For context and a list of other posts on this topic, see the PDP-11 BASIC reverse engineering project page.
The GOSUB command is used to jump to a subroutine starting at a specific line in the program code. For example:
This command will jump to line 100 and execute code there until a RETURN command is encountered, at which point control will return to the line after the GOSUB command.
The code is very simple:
004204 016700 MOV 13660, R0 004210 052700 BIS #20000, R0 004214 104512 TRAP 112
The currently executing line number, which is stored in memory location 13660, is moved to R0. The line number is logically AND'd with the value 20000, and then TRAP 112 is used to store this calculated return address value into the running state.

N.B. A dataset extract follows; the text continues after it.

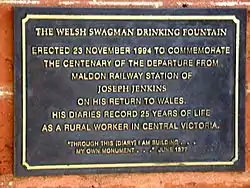 Joseph obtained regular employment in 1884 as a cleaner of streets and drains in the town of Maldon, a few miles north from Castlemaine. He remained there working until he reached the age of 76 and became homesick for Wales. Having saved the fare, he departed Maldon by rail on 23 November 1894, and embarked on the ss Ophir which docked at Tilbury docks on 5 January 1895. In 1994 a water drinking fountain and a plaque were erected at Maldon railway station to recognise the centenary of Joseph Jenkins's departure and his unique record of the life of a rural worker in Victoria. His own words were cited: Through this [diary] I am building. . . my own monument (pictured at right).

Once the return address has been stored by the code above, execution continues with the GOTO code, which follows immediately after the GOSUB code.
The GOTO command is very similar to the GOSUB command, except that control never returns from from GOTO, so storing a return address is not required. Apart from that, both involve jumping to a line number in the code and continuing with execution from there.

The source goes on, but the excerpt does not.